Dataset entries ▸
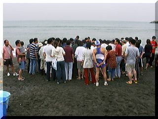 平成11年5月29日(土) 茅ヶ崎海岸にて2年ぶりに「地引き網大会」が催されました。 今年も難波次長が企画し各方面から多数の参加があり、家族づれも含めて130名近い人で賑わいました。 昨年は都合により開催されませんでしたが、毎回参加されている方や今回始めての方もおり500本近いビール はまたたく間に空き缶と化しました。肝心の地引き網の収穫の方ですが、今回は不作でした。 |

--

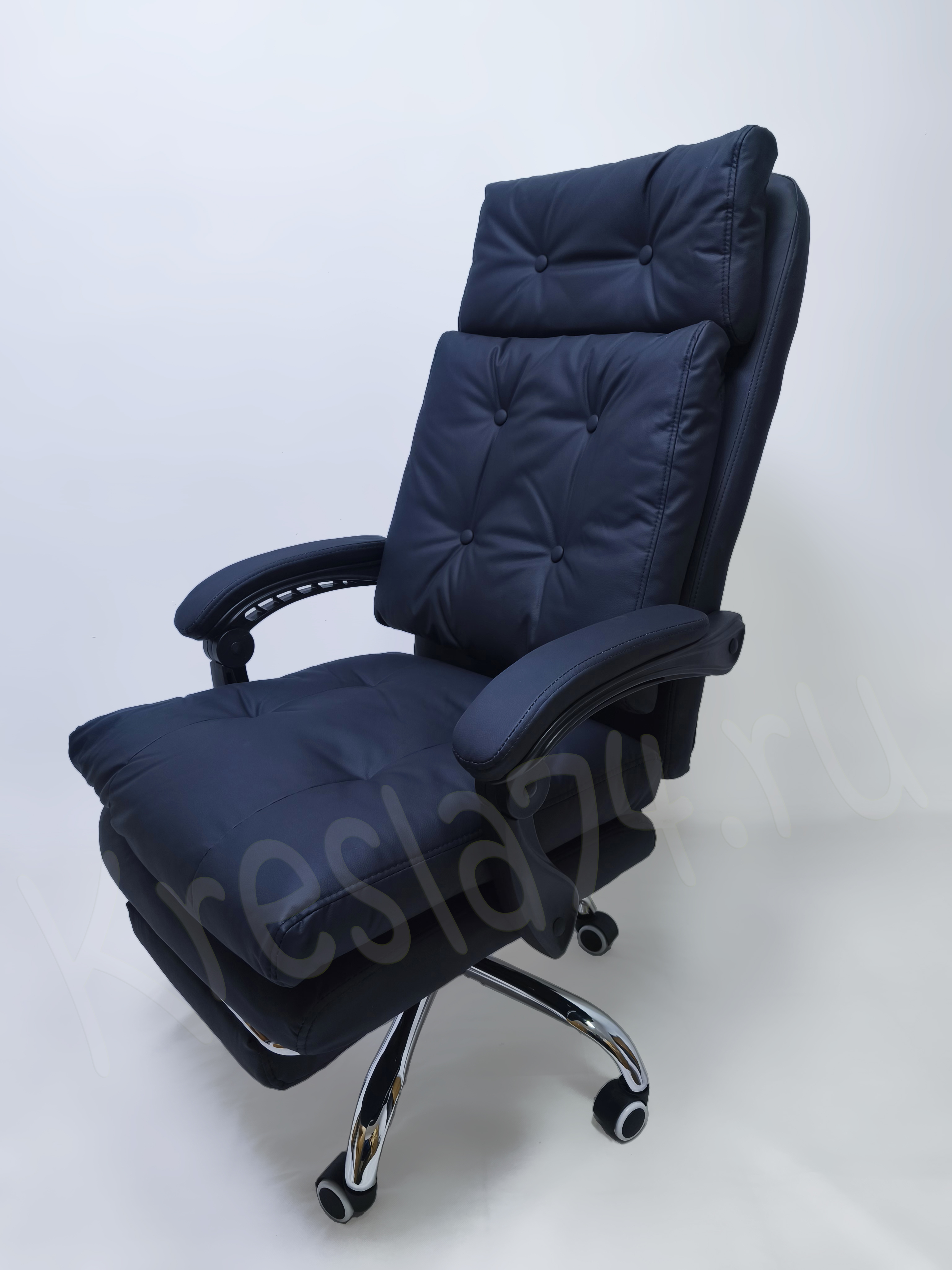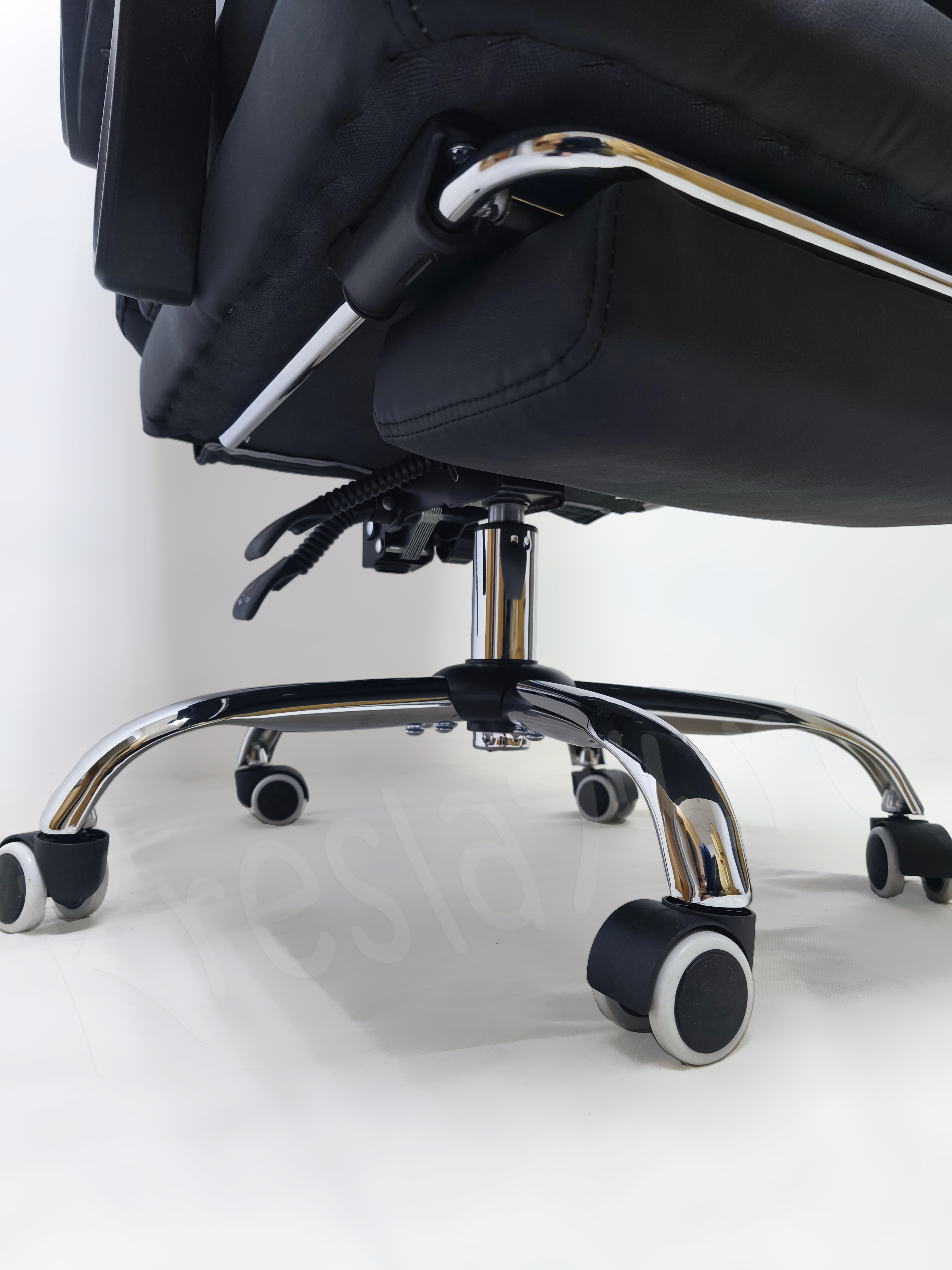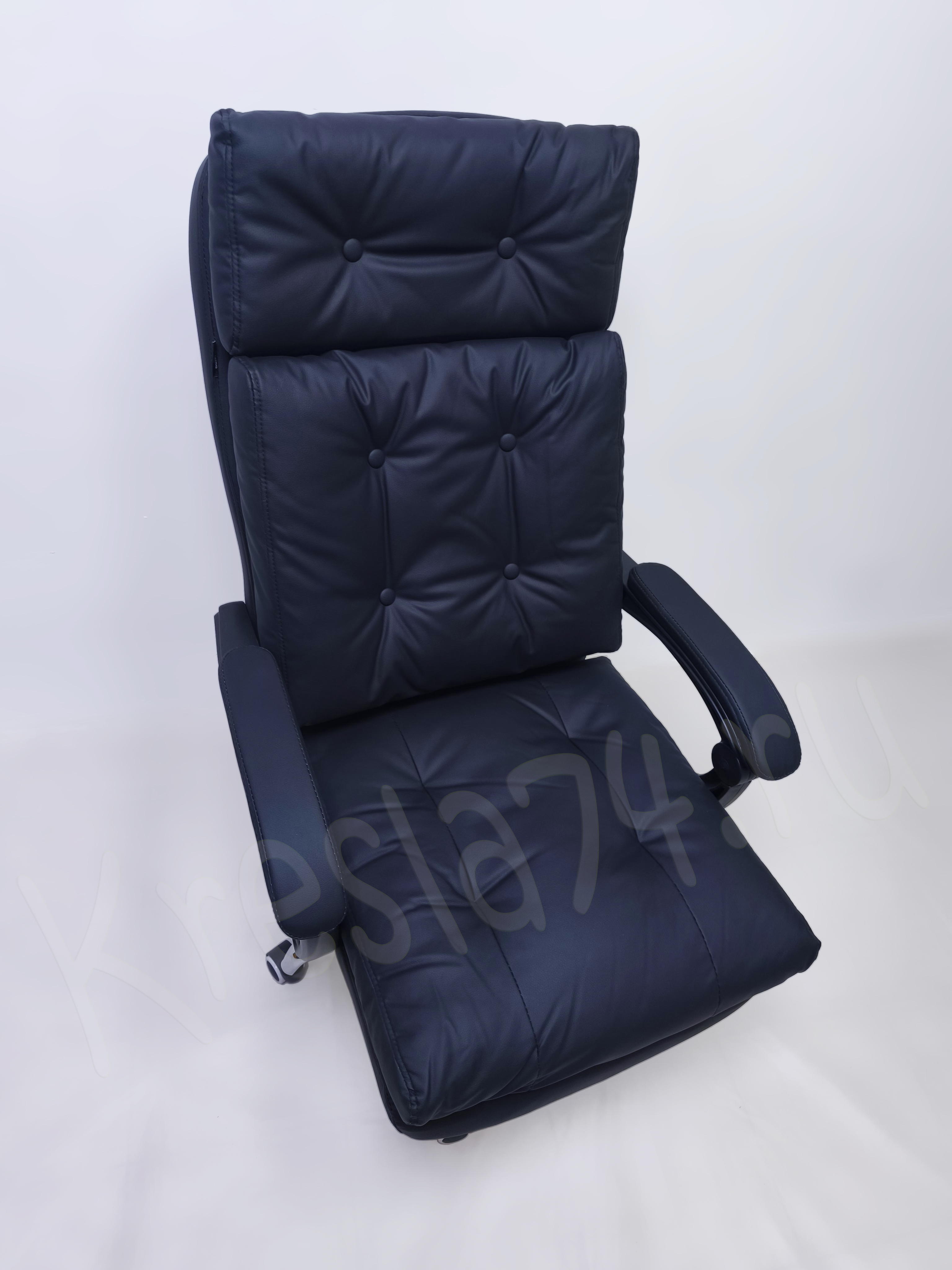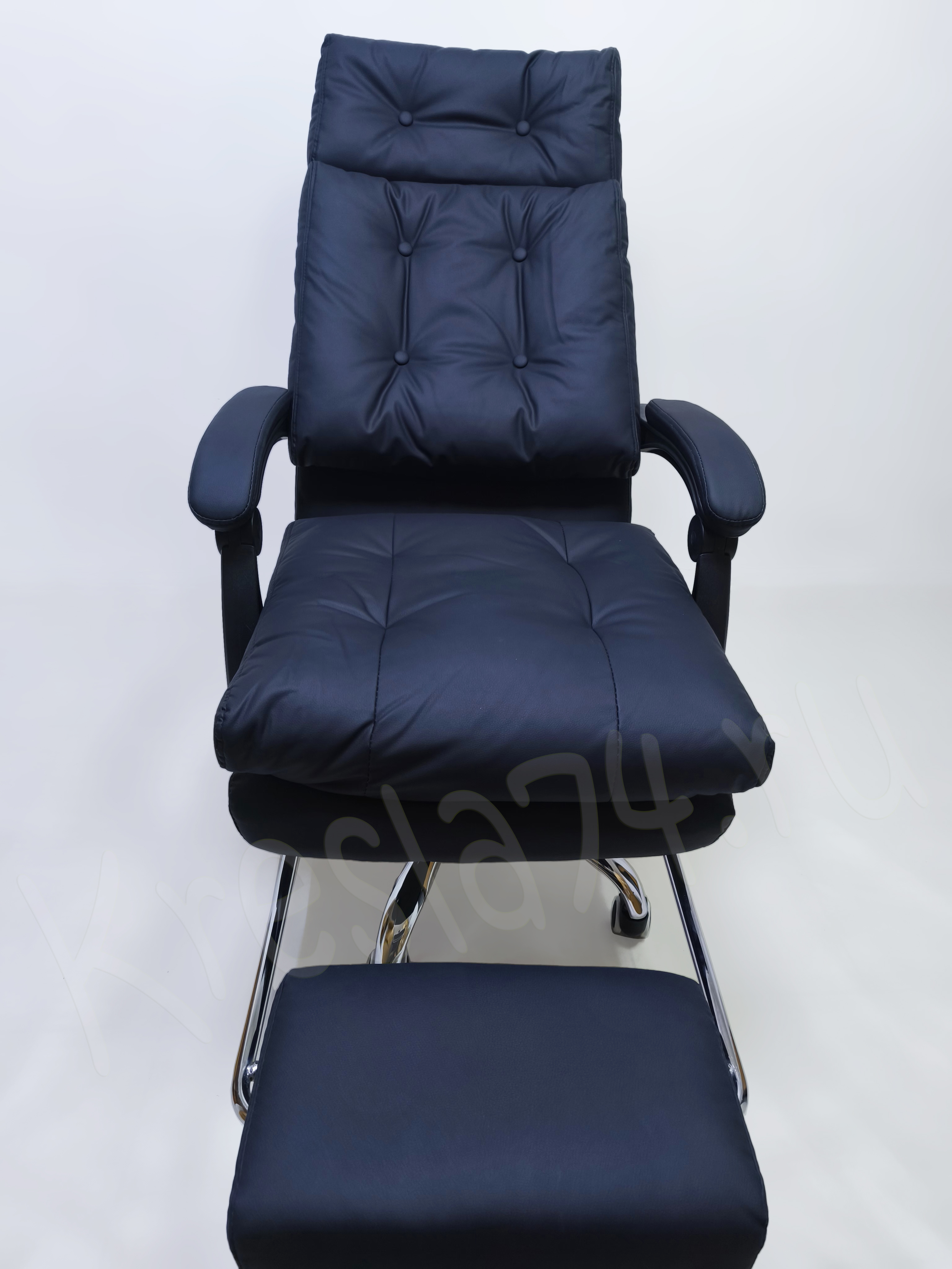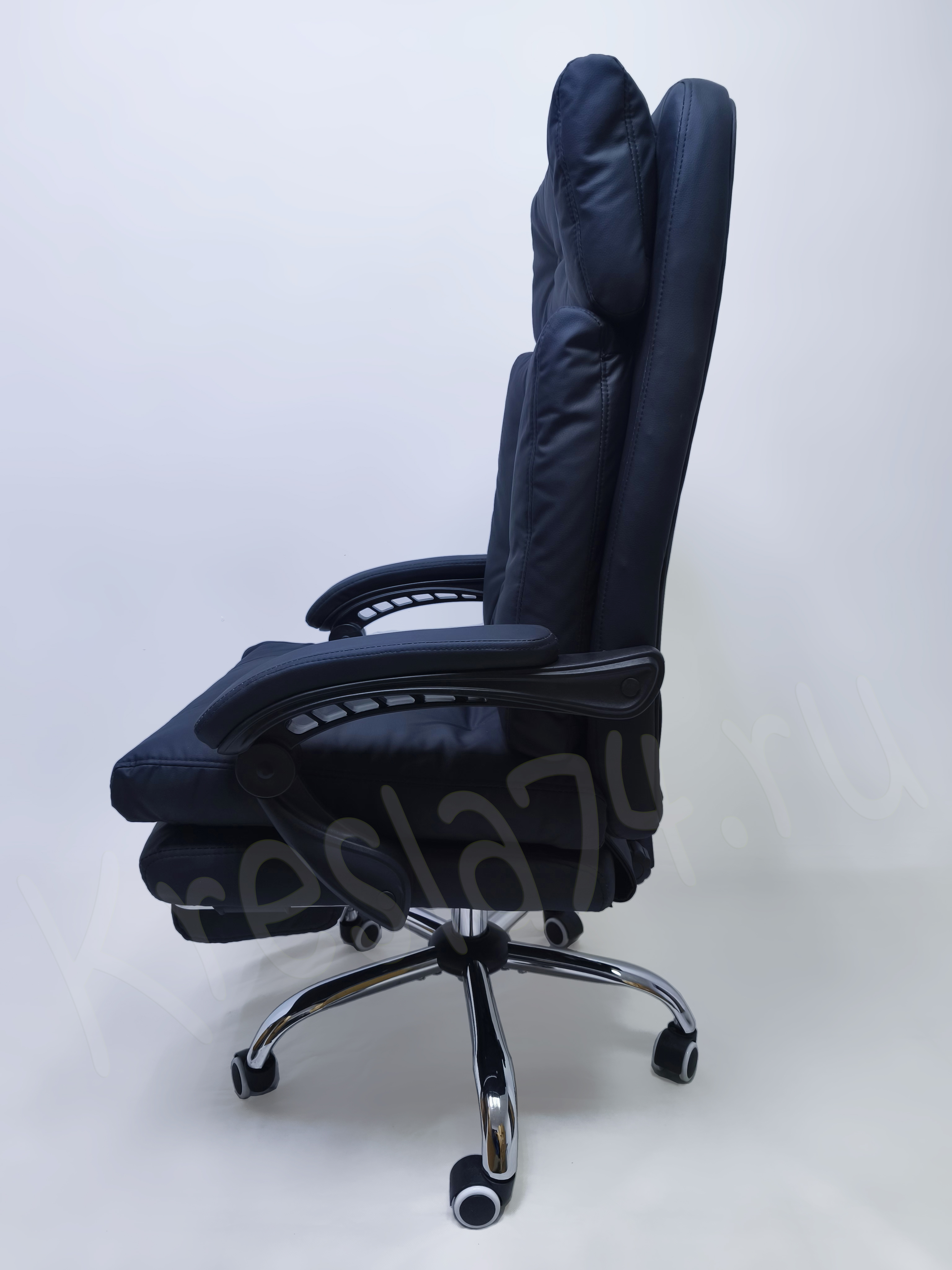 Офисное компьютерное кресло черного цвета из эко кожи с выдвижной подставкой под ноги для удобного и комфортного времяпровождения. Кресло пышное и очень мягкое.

* * *

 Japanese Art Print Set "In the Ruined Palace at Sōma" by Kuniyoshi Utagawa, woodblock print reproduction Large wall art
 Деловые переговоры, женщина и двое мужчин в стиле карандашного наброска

Directions ▸
For the material above, reproduce exactly the lines from the line with "Japanese Art Print" to the line with "Деловые переговоры, женщина", inclusive, and exclude all others.

Task output ▸
 Japanese Art Print Set "In the Ruined Palace at Sōma" by Kuniyoshi Utagawa, woodblock print reproduction Large wall art
 Деловые переговоры, женщина и двое мужчин в стиле карандашного наброска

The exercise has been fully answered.